News

Texton’s shareholders vote against share repurchase

08 January 2019

Shareholders of Texton Property Fund have voted against the repurchase of shares in terms of the put option related to Texton’s 2014 broad-based black economic empowerment (BBBEE) deal, the company noted in a statement on Monday.

Under the terms of the transaction, Texton Broadbased Empowerment RF, a BEE vehicle, acquired Texton shares funded by a loan from the Public Investment Corporation (PIC). Texton agreed to a put option as security for the BEE vehicle’s loan, subject to various terms and conditions, the most important being the requirement that shareholder approval be obtained for the acquisition of the shares under the put option.
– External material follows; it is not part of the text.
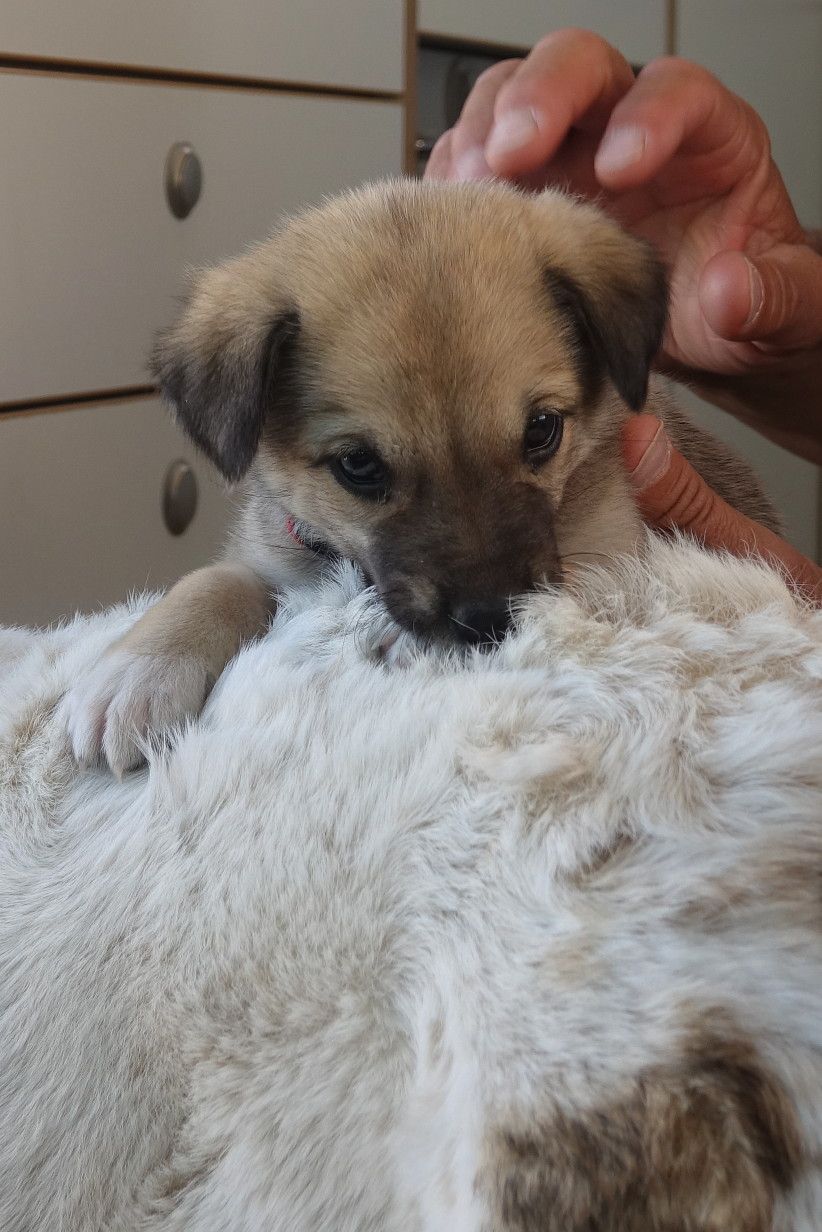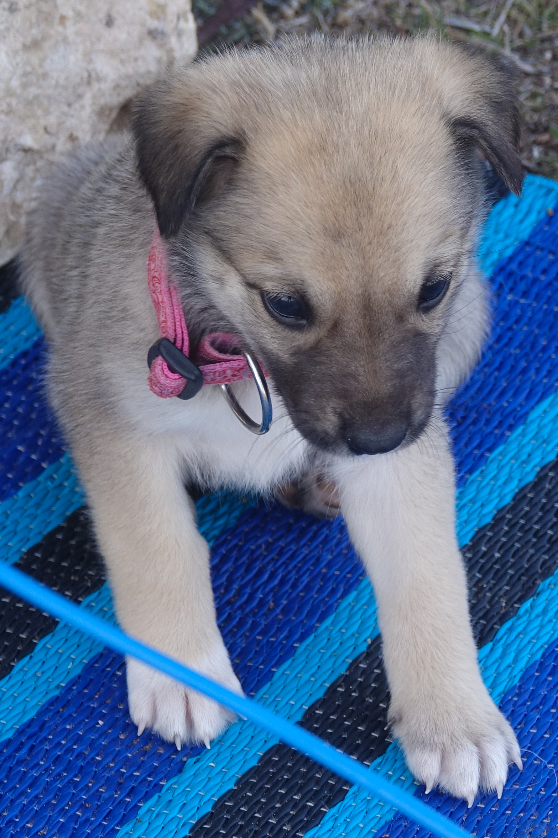 Sanna und Mina wachen allerdings eifersüchtig über ihr Terrain und deshalb musste Aicha ein eigenes Bettchen in einer Klappkiste bekommen. Ein eigenes Halsband hat sie auch schon, weil wir immer Reserven dabei haben.

The high turnout at Texton’s general meeting on December 28, 2018, saw active shareholders making an unambiguous vote against the repurchase, with 99.99% of those who voted voting against the share repurchase. Nearly 278-million shares were eligible to vote of which nearly 234-million, or 76% of the eligible votes, elected to participate. Shares that did not qualify to vote included treasury shares and those held by the PIC and Texton Broadbased Empowerment RF.

About 10% of the eligible votes abstained from voting. The general meeting was called after, first, a loan default occurred when the minimum share cover ratio was breached as Texton’s share price remained lower than the original issue price. Further, in August and September 2018, the PIC gave notice that it was exercising the put option.
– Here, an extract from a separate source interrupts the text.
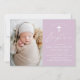 Les invitations au baptême simples comportent un script décontracté de calligraphie blanche avec un arrière - plan violet clair pour un design parfait pour un baptême de bébé moderne. Personnalisez les élégantes invitations au baptême avec la photo, le nom et les détails de l'événement religieux de votre enfant ci-dessous. L'arrière de l'invitation de baptême photo offre de l'espace pour des textes et des photos supplémentaires. Cette invitation au baptême violet photo est parfaite pour les filles!
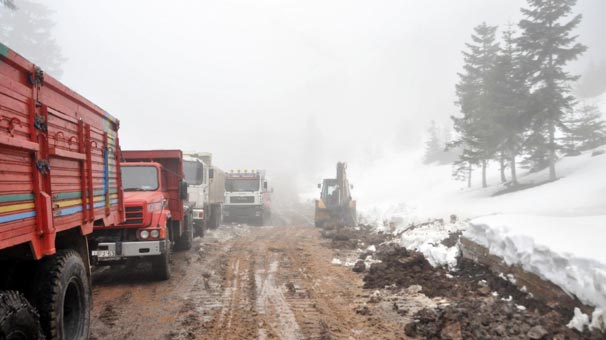 Cerattepe’de Cengiz Holding’e ait Eti Bakır A.Ş. tarafından çıkarılmak istenen bakır madeni için 3 gün önce bölgeye gelen iş makineleri, polis ve a…

The put option was conditional on receiving the necessary shareholder and regulatory approvals required to repurchase the BEE shares, equalling 13.79% of Texton’s issued ordinary share capital. The put option repurchase price equated to R12.90 per Texton share. Compared with the closing price of Texton shares of R4.10 on the last practicable date, November 20, 2018, this represented a premium of about 215% to the market price.
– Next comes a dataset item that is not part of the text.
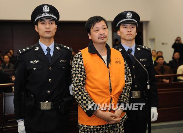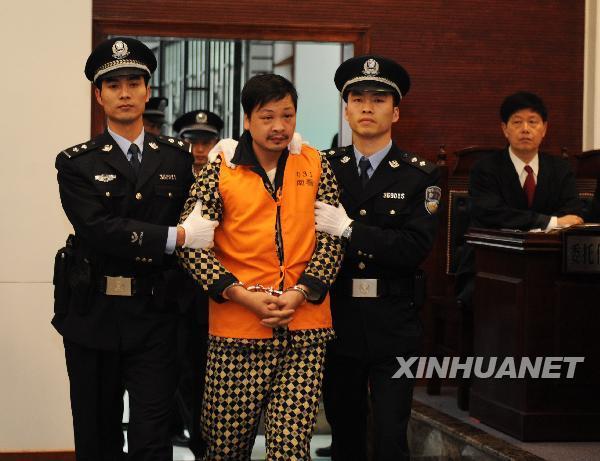 4月8日,犯罪嫌疑人郑民生被押上法庭。当日,福建南平“3·23”恶性杀人案在南平市中级人民法院开庭审判。 3月23日7时20分左右,正逢孩子上学的时间,在福建省南平实验小学门口,犯罪嫌疑人郑民生连续砍伤砍死13名小学生,造成8名孩子死亡,5名孩子受伤。新华社记者张国俊摄

Based on legal advice received from two separate senior counsel and after having followed the prescribed legal processes in terms of the contract, the shareholders’ no vote means that Texton is released from its obligation to repurchase shares in terms of the put option.

“This matter is the last of a number of legacy issues that has created uncertainty for Texton investors. Given the outcome of this vote, we now look forward to working with all shareholders to regain the value that has been lost over the last number of years and to place them in the position that they were initially in,” Texton Property Fund CEO Marius Muller commented.